CompositionLocal是一种通过 Composition 隐式传递数据的工具。
我们看一下上面提到的LocalContentAlpha
是个什么?
val LocalContentAlpha = compositionLocalOf { 1f }
fun <T> compositionLocalOf(
//快照的变更策略
policy: SnapshotMutationPolicy<T> =
structuralEqualityPolicy(),
defaultFactory: () -> T
): ProvidableCompositionLocal<T> = DynamicProvidableCompositionLocal(policy, defaultFactory)
internal class DynamicProvidableCompositionLocal<T> constructor(
private val policy: SnapshotMutationPolicy<T>,
defaultFactory: () -> T
) : ProvidableCompositionLocal<T>(defaultFactory) {
//此处的mutableStateOf大家自己打开源码查看一下
//androidx.compose.runtime.SnapshotMutableStateImpl
//如果是新值会触发:next.overwritable(this, it) { this.value = value }
//执行get()的时候会拿新的值
@Composable
override fun provided(value: T): State<T> = remember { mutableStateOf(value, policy) }.apply {
this.value = value //最新的值
}
}
那么我们开始自己定义一个CompositionLocal
data class LayoutData(val elevation: Dp = 0.dp,val background:Color = Color.White)
val LocalLayoutData = compositionLocalOf { LayoutData() }
//用法如下:
val layoutData = LayoutData(elevation = 10.dp,background = Color.Blue)
CompositionLocalProvider(LocalLayoutData provides layoutData) {
val currentLayoutData:LayoutData = LocalLayoutData.current
....
}
staticCompositionLocalOf: 用于存储很少更改状态的变量数据。它的任何更改都会重新组合的整个树。
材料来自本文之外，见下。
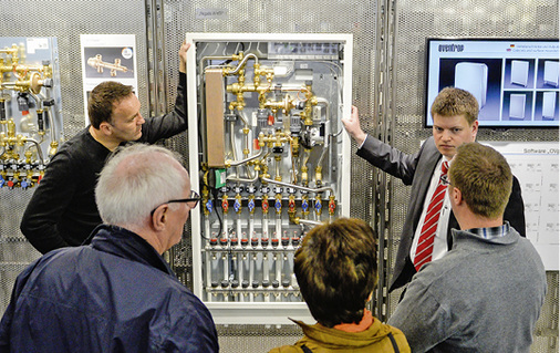 Im Forum „Handwerk“ (Halle 4, Stand 4.100) geht es täglich zwischen 10.00 und 16.00 Uhr um Trends aus dem SHK-Bereich. Von Brandschutz über Wohnraumlüftung und Wasseraufbereitung bis hin zum vernetzten Badezimmer informieren Experten in 20 -bis 30-minütigen Vorträgen. Vormittags stehen Themen rund um den Wärmemarkt im Fokus. Dabei geht es um Technik, Politik und Perspektiven im Wärmemarkt, Chancen für das Handwerk durch die digitale Heizung, hybride Wärmepumpensysteme, Brennstoffzellenheizung und das Heizen mit grünem Strom. In unmittelbarer Nähe zum Forum „Handwerk“ befindet sich die Themenfläche „Innovative Heizungstechnik“, die der Bundesverband der deutschen Heizungsindustrie (BDH) gestaltet. Neben Informationen zu Energieeffizienz und erneuerbare Energien im Wärmemarkt präsentiert der BDH gemeinsam mit der EEBUS-Initiative den EEBUS-Demonstrator. Der Aufbau zeigt mit besonderem Fokus auf die Wärmepumpe, wie das Zusammenspiel der Komponenten im Haus der Zukunft funktioniert.

compositionLocalOf: 用于存储可以更改状态的变量数据。它的任何更改只会导致相应的可组合函数进行重新组合。
我们来看一下测试效果:
示例代码如下:
//xxxTest.kt
val ColorLocalStatic = staticCompositionLocalOf {
Color.Black
}
val ColorLocalDynamic = compositionLocalOf {
Color.Black
}
@Composable
fun InnerBox(color: Color,boxValue:Int,
content: @Composable BoxScope.() -> Unit) {
Column (
Modifier
.fillMaxWidth()
.height(150.dp)
.background(color)) {
Text("BoxValue:$boxValue")
Box(
modifier = Modifier
.fillMaxWidth()
.padding(16.dp),content = content)
}
}
@Preview
@Composable
fun TestCompositionLocalProvider(){
var color by remember { mutableStateOf(Color.Green) }
Column(horizontalAlignment = Alignment.CenterHorizontally) {
CompositionLocalProvider(ColorLocalDynamic provides color) {
MainActivity.boxValue1++
InnerBox(color = Color.Gray, boxValue = MainActivity.boxValue1) {
MainActivity.boxValue2++
InnerBox(color = ColorLocalDynamic.current, boxValue = MainActivity.boxValue2) {
MainActivity.boxValue3++
InnerBox(color = Color.Yellow, boxValue = MainActivity.boxValue3) {
}
}
}
}
Button(onClick = {
color = if(color == Color.Green){
Color.Red
}else{
Color.Green
}
},modifier = Modifier.padding(10.dp)) {
Text(text = "测试一下: compositionLocalOf")
}
}
}
mBoxValue1、mBoxValue2、mBoxValue3
三个静态变量
//MainActivity.kt
companion object{
var boxValue1 = 0
var boxValue2 = 0
var boxValue3 = 0
}
有了上面的经验,我们来看看下面这个问题
我们看到CompositionLocalProvider入参ProvidedValue<*>
//androidx.compose.runtime.ProvidedValue
class ProvidedValue<T> internal constructor(
val compositionLocal: CompositionLocal<T>,
val value: T,
val canOverride: Boolean
)
当执行了currentComposer.startProviders(values)
之后
override fun startProviders(values: Array<out ProvidedValue<*>>) {
//先获取当前的CompositionLocalMap
val parentScope = currentCompositionLocalScope()
...
val currentProviders = invokeComposableForResult(this) {
compositionLocalMapOf(values, parentScope)
}
...
val providers: CompositionLocalMap
val invalid: Boolean
if (inserting) {
//返回新的parentScope赋值给providers
providers = updateProviderMapGroup(parentScope, currentProviders)
invalid = false
hasProvider = true
} else {
...
}
if (invalid && !inserting) {
//更新providerUpdates当前group位置的providers
providerUpdates[reader.currentGroup] = providers
}
...
//把providers数据写入到group中,最终保存在SlotTable的slots数组中
start(compositionLocalMapKey, compositionLocalMap, false, providers)
}
此时我们再来看一下current如何读取数据的
//androidx.compose.runtime.CompositionLocal
sealed class CompositionLocal<T> constructor(defaultFactory: () -> T) {
....
@OptIn(InternalComposeApi::class)
inline val current: T
@ReadOnlyComposable
@Composable
get() = currentComposer.consume(this)
}
这里调用了Composer#consume
//androidx.compose.runtime.ComposerImpl
override fun <T> consume(key: CompositionLocal<T>): T =
resolveCompositionLocal(key, currentCompositionLocalScope())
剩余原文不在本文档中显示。